The dictatorships in China and Cuba coordinate efforts at the United Nations Human Rights Council and the mutual admiration society that now exists between them is not good news for human rights. The only member of the United Nations Human Rights Council to recommend that China increase its repression on human rights defenders during its first universal periodic review in February of 2009 was the Cuban dictatorship. The Observatory for the Protection of Human Rights Defenders, a joint programme of the World Organisation Against Torture (OMCT) and the International Federation for Human Rights (FIDH) expressed their concerns regarding this recommendation at the time. 

The International Business Times reports that the economic relationship is of great importance to Cuba:
"China is Cuba’s second largest trading partner after Venezuela. In addition, Cuba is China’s largest partner in the Caribbean, with bilateral trade now standing at a little over $2 billion annually, according to Chinese government data."

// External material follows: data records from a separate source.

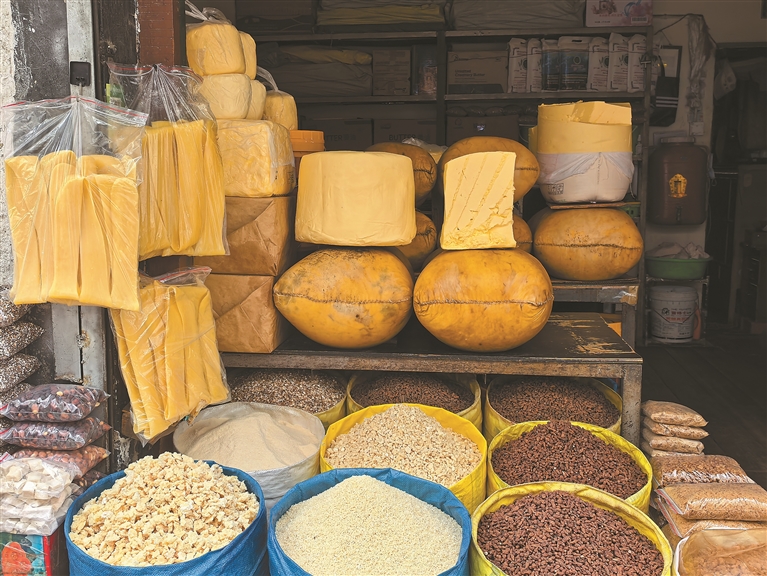 在八廓街,記者看到一家名為“奇寶酥油桶藏傳古玩店”的店鋪,店內(nèi)空間不大,卻擺放著滿滿當(dāng)當(dāng)?shù)摹皩氊悺薄魇礁鳂拥膫鹘y(tǒng)酥油桶、老式酥油茶壺、老式酸奶桶……像一座小小的主題博物館,展示著高原人民的勤勞與智慧。
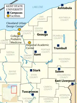 - ^ a b "Welcome to Kent State's Eight-Campus System". Kent State University website. Kent State University. June 11, 2008. Archived from the original on June 25, 2008. Retrieved June 27, 2008.
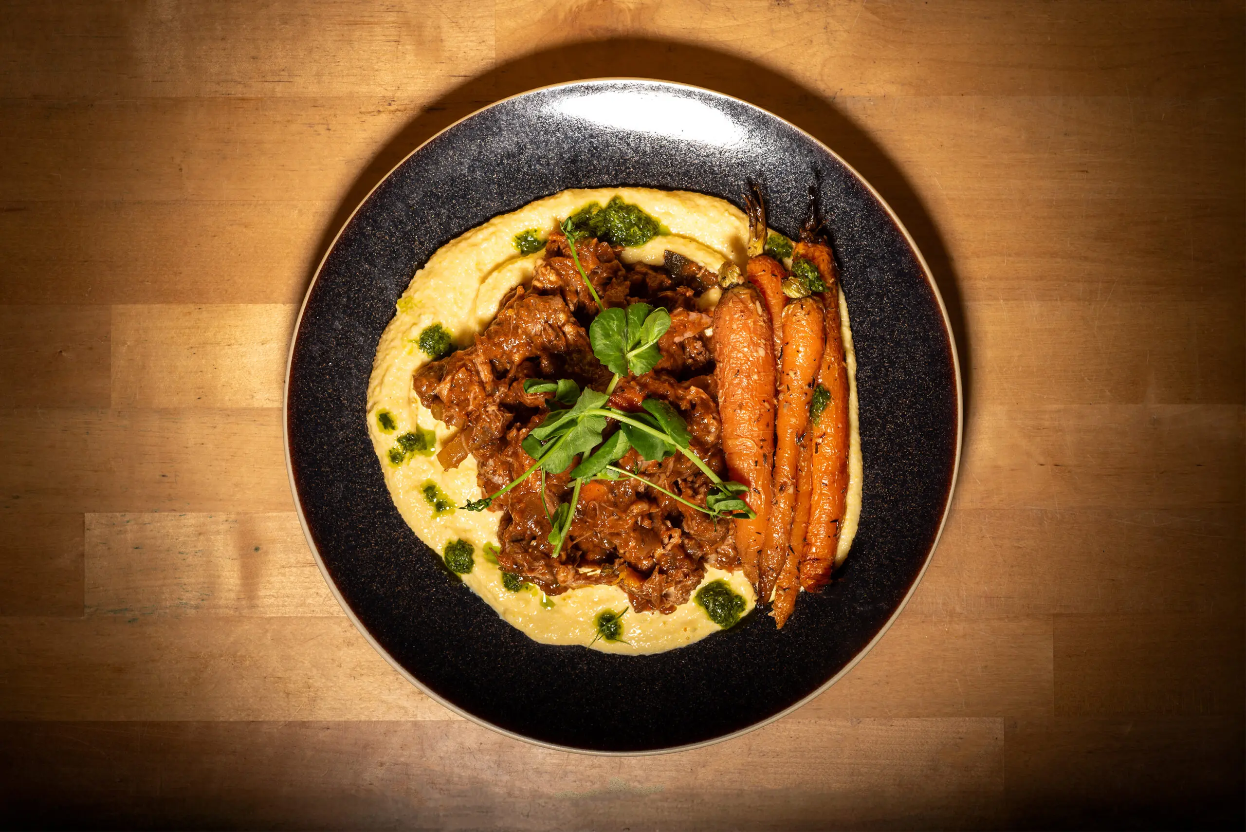 Italiaans stoofvlees van sukade met salie, polenta, een rijke Italiaanse jus, gremolata en geroosterde peen.
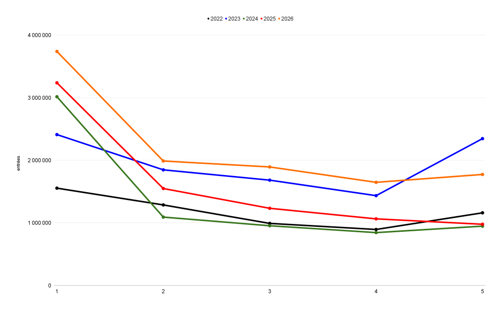 Entrées cumulées du 28 janvier au 1er février 2026 :
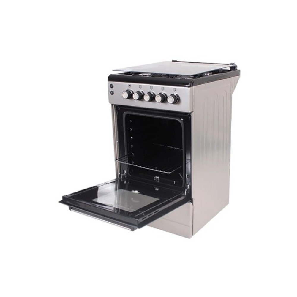 Варильна поверхня виготовлена з емалі, що забезпечує легке очищення та довговічність. Емальовані сталеві решітки додають стійкості та надійності, а дві решітки дозволяють готувати на двох рівнях одночасно. Газова духовка об'ємом 46 літрів оснащена термометром та підсвіткою, що робить процес готування зручним та контрольованим.
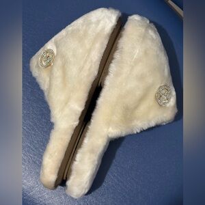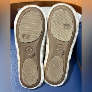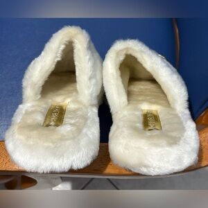 NWOT Michael Kors women's ivory/gold faux fur acrylic closed toe bling slippers
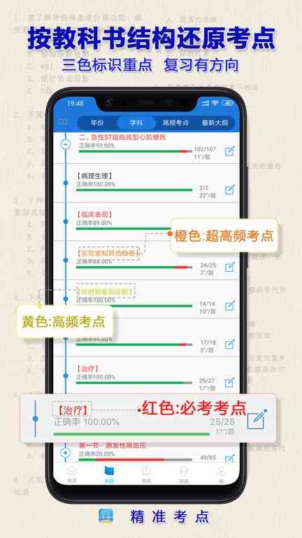 精准考点助理医师app致力于打造一个医学领域开放共享的终身学习交流平台,利用信息科技技术,整合全国有志为医疗事业发展的师资队伍,首创历年真题大数据分析,可视化视图呈现助理医师每年必考章节及高频考点。

 Providing some background the IBT continued with the following information:
"...China agreed in 2004 to give Cuba $400 million in the form of long-term loans to support development, on top of the $1.3 billion it had already invested in the island since the 1990s. China has also undertaken several large-scale projects in the country, such as developing onshore and offshore oil exploration, as well as the expansion of Cuba’s largest refinery in Cienfuegos; the development of the recently opened deep-water port in the town of Mariel; and building two hospitals."
 Returning to the start, the outlaw behavior of these two nations - smuggling tons of weapons - and trying to pass them off as a grain shipment does not bode well for the future. Furthermore the destruction of the Chinese Cuban community in Cuba by the Castro regime is another sad legacy of the communist revolution in Cuba that should be remembered.